Жанна обещала не трогать больше Эжени и сдержала свое слово, но напоследок пригрозила:

«Погоди, ты еще заплатишь мне за все!»

Вот так они и жили.

Тем не менее следующие несколько дней прошли без новых потрясений. Вот только наутро Эжени опять встретила неподалеку от ателье госпожи Жиле человека, ставшего причиной ее последних страданий. В первый момент она испуганно остановилась, но, увидев, что он собирается подойти к ней, убежала, крикнув ему со страхом в голосе:

«Оставьте меня, оставьте меня в покое!»

В моем рассказе, барон, есть одно обстоятельство, которое я хотел бы особо тебе разъяснить: Артур вовсе не остался безразличным Эжени, как, впрочем, не остался бы для всякого другого. Да, он внушал ей страх, почти отвращение — возможно; но он вторгся в ее жизнь, занял определенное место в мыслях и укрепился там; не было дня, чтобы воспоминание об этом человеке не тревожило девушку. В следующее воскресенье Тереза стала зазывать Эжени в Тюильри.

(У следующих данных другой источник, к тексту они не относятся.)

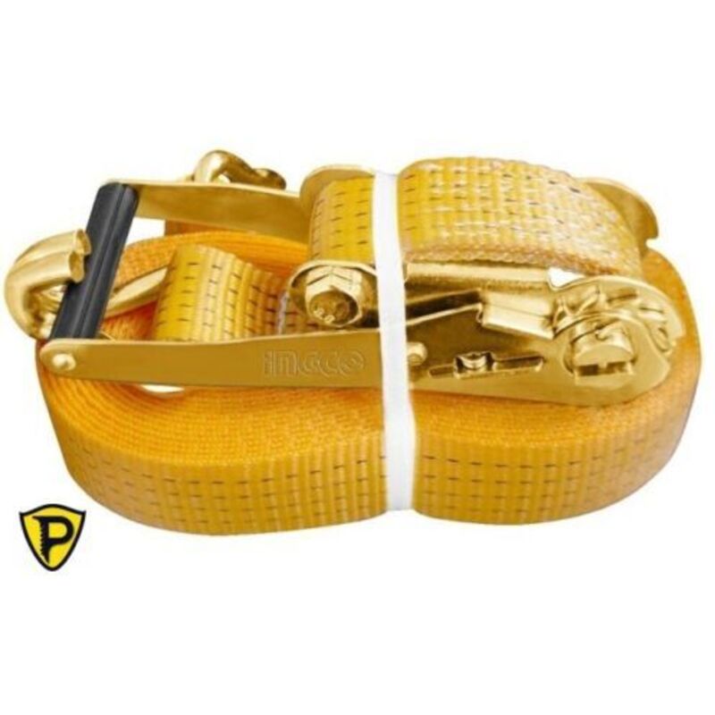 Cinghia a cricchetto Ingco 10 metri x 50 mm e una portata di 3 o 4 Tonnellate a scelta. Utili al fissaggio di oggetti durante il trasporto o la messa in sicurezza di strutture. INGCO HRSP3101 Cinghie a cricchetto 10mtx50mm Carico: 3T Lunghezza: 10m Larghezza: 50mm Con cricchetto e ganci a doppio j INGCO HRSP4101 Cinghie a cricchetto 10mtx50mm Carico: 4T Lunghezza: 10m Larghezza: 50mm Con cricchetto e ganci a doppio j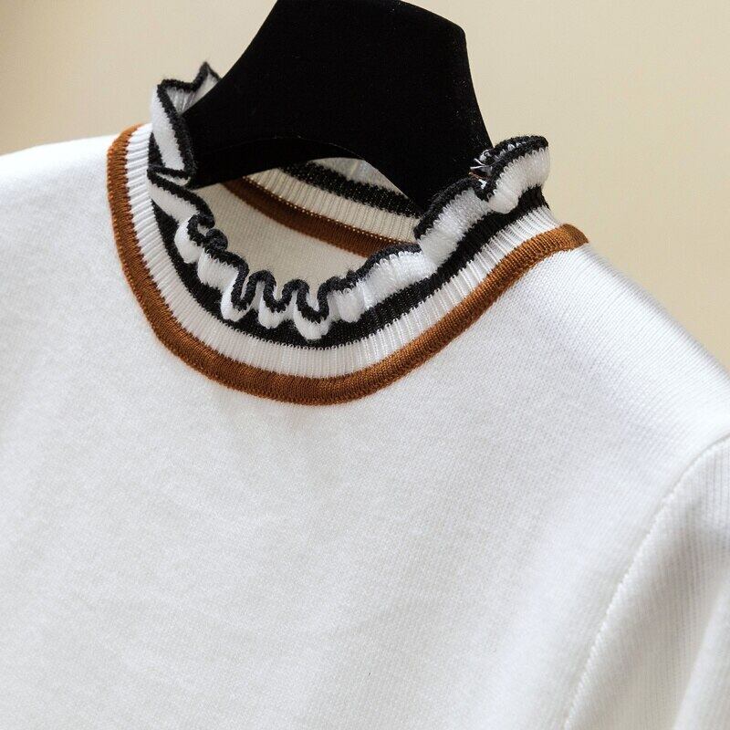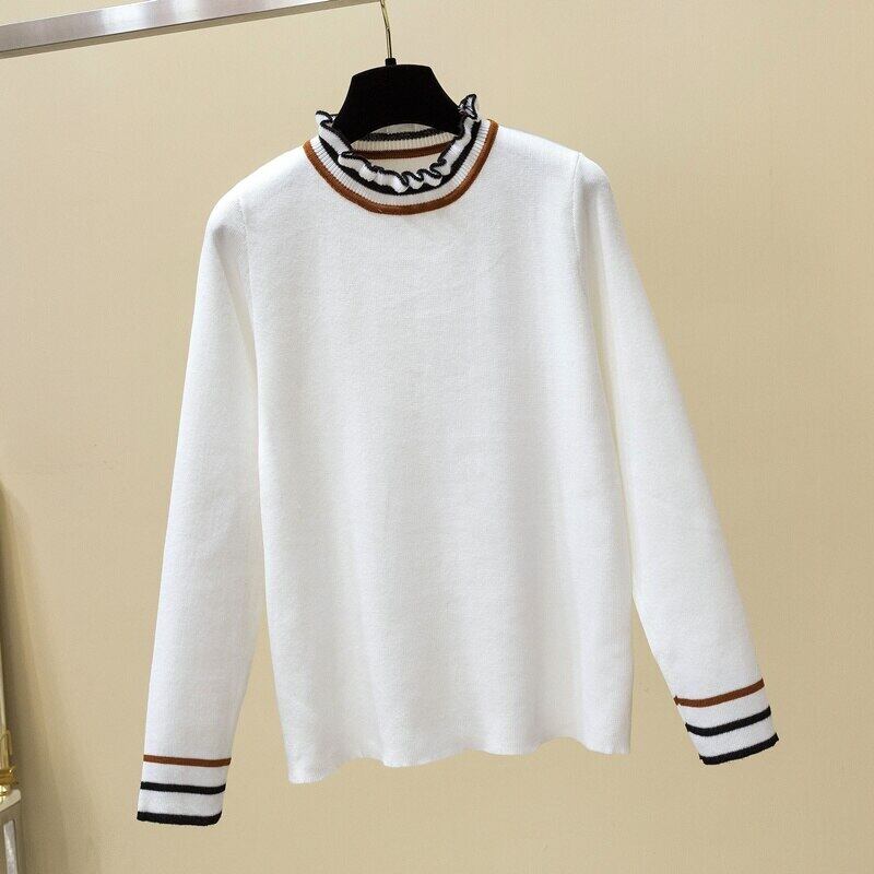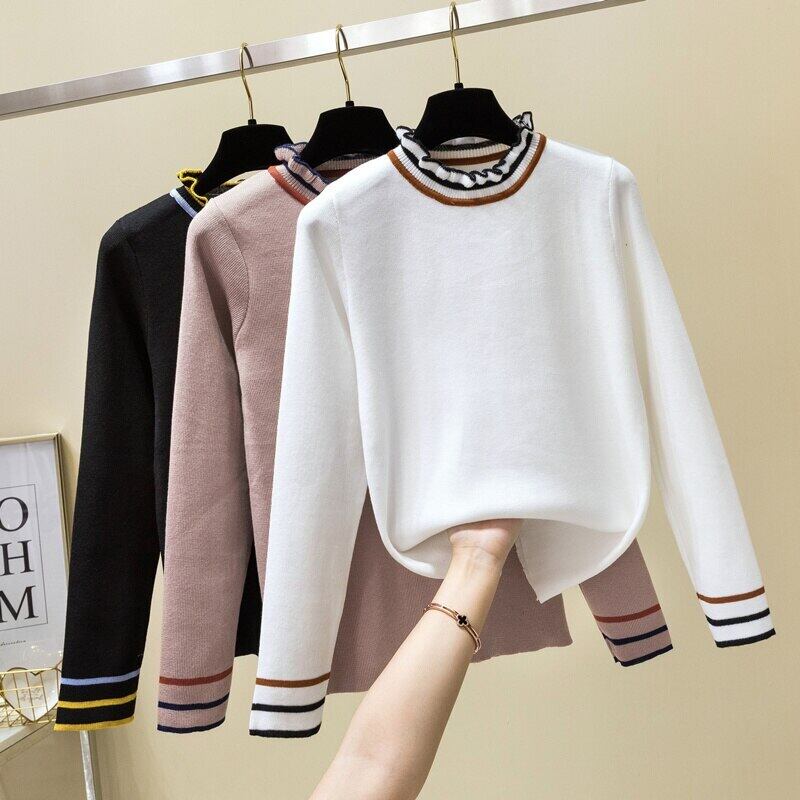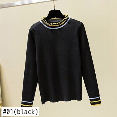 秋ストライプニットセーター女性の冬のハーフタートルネックフリル長袖セータープルオーバージャンパーレディース ロング ラッフル オータム 秋物 ウィンター 冬物 Son44374124914

Но именно в Тюильри они встретили англичанина, и Эжени отказалась — не без слез, конечно, — ведь ее вынуждали пожертвовать таким прекрасным воскресеньем, единственным днем, когда она могла полной грудью дышать свежим воздухом, распрямить худенькую спину, всю неделю согнутую над шитьем. Она горько плакала, но не пошла. Что касается Артура… Увы и ах! Такой же, как и вы все, наглые и ничтожные знатные сеньоры, этот воображала и щеголь удивлялся, что глупая простая девчонка не испытывает никакого восторга или хотя бы признательности к сыну богатейшего лорда, который соизволил показать, что находит ее привлекательной.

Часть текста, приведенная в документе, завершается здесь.